— Анфиса?
— Прости, — она улыбается, несомненно, по ее телу в этот момент распространяется это прекрасное чувство: когда ничего не болит. — Я… я хочу жить, Анечка… прости…
Я чувствую себя такой стопроцентной идиоткой, что невольно начинаю смеяться. Они обвели меня вокруг пальца. Приехали, заразили, разбередили душу своими дурацкими извинениями и лишили права на лечение или хотя бы на безболезненную смерть.
— У Артема же мои гены. Я поправлюсь. Как и он… Я позабочусь о своем мальчике…
Я готова покляться, что не об этом она думала, когда воровала таблетку.
— Так хорошо, когда в груди не горит, — слабо шепчет Анфиса, закрывая глаза.
Я сажусь на пол рядом с диваном. Какая теперь разница? Она предала меня снова, но злости больше нет. Включаю телевизор, который в последнее время показывает только один канал.

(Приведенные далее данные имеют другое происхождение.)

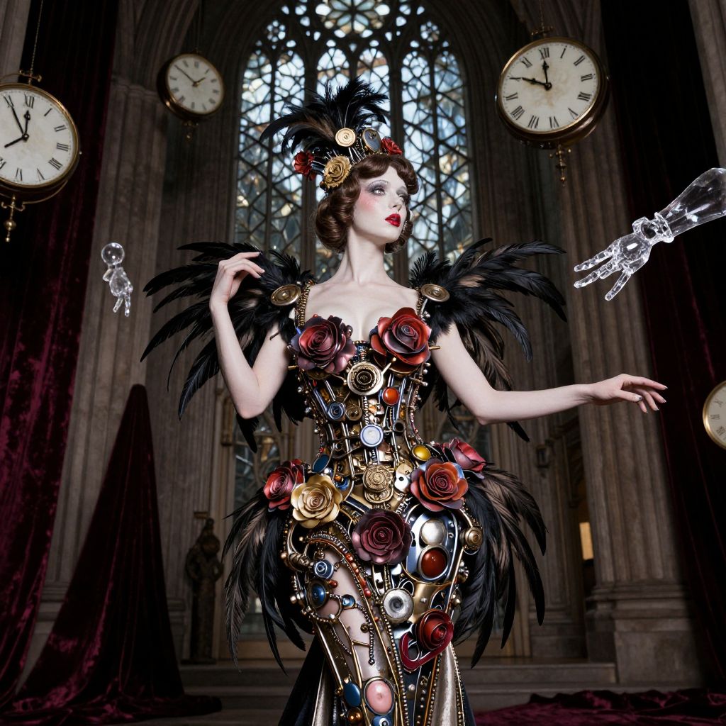 A vision of a 1930s surrealist muse in a lavish woman costume, standing beneath a cathedral of twisted glass and velvet shadows. She has an elegant, porcelain face with high cheekbones and a subtle smudge of crimson lipstick, wearing a gown made of interlocking mechanical roses and feathers that seem to pulse with life. Abstract accessories like suspended clocks, floating clocks, and crystal hands float around her.. The woman has big tits and cute face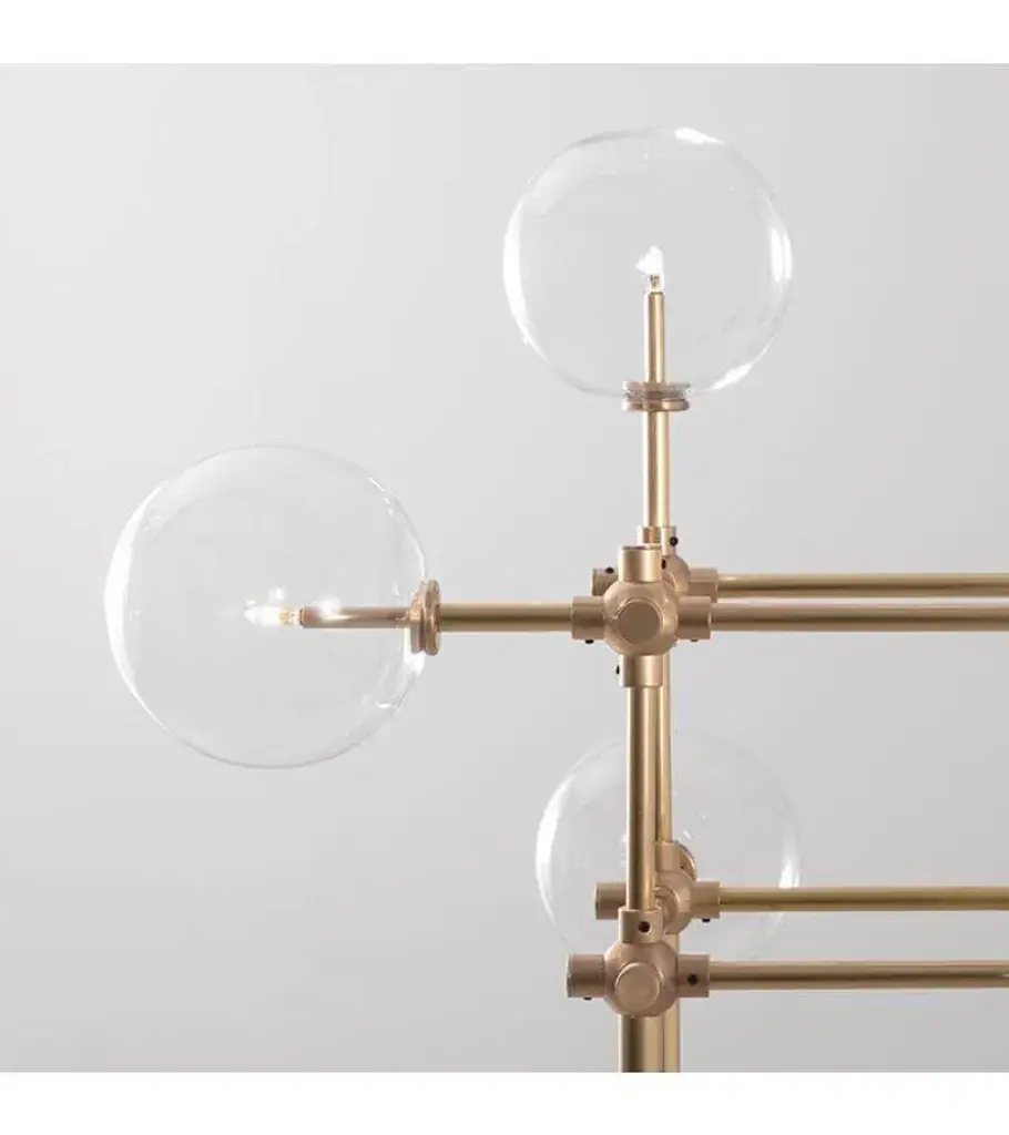 Black gunmetal 4 arm sculptural floor lamp by schwung dimensions: d 74.3 x w 74.3 x h 167.8 cm materials: solid brass, hand-blown glass globes finish: black gunmetal. Also available in finishes: natural brass or polished nickel. All our lamps can be wired according to each country. If sold to the usa it will be wired for the usa for instance. Made entirely of solid brass and handblown glass globes. Could be dimmable. Schwung is a german word, and loosely defined, means energy or momentumm of a positive manner. Synonyms: verve, zest, panache, momentum. up to 250v (europe/uk standard).

Открываю бутылку с шампанским и пью прямо из горла. Дыхание моей сестры выравнивается, она, счастливая, уснула. Я кашляю, давясь алкоголем, смотрю какой-то старый фильм советских времен, периодически чешу разбитые болезнью руки.
Глаза слезятся, но не от эмоций, а от вируса. Я не знаю в какой момент это происходит, просто вдруг отдаю себе отчет, что сестра больше не дышит. Таблетка ей тоже не помогла. Большая часть их семейства ушла из жизни без страданий, а я обдумываю, как бы последовать за ними. Мне умирать в любом случае будет больней. У меня же нет волшебной таблетки. У меня ее украли и даже не дали право на жеребьевку, дабы судьба определила победивших. Еще и оставили на моих руках восьмилетнего мальчика с надеждой на его спасение в рамках общего конца света.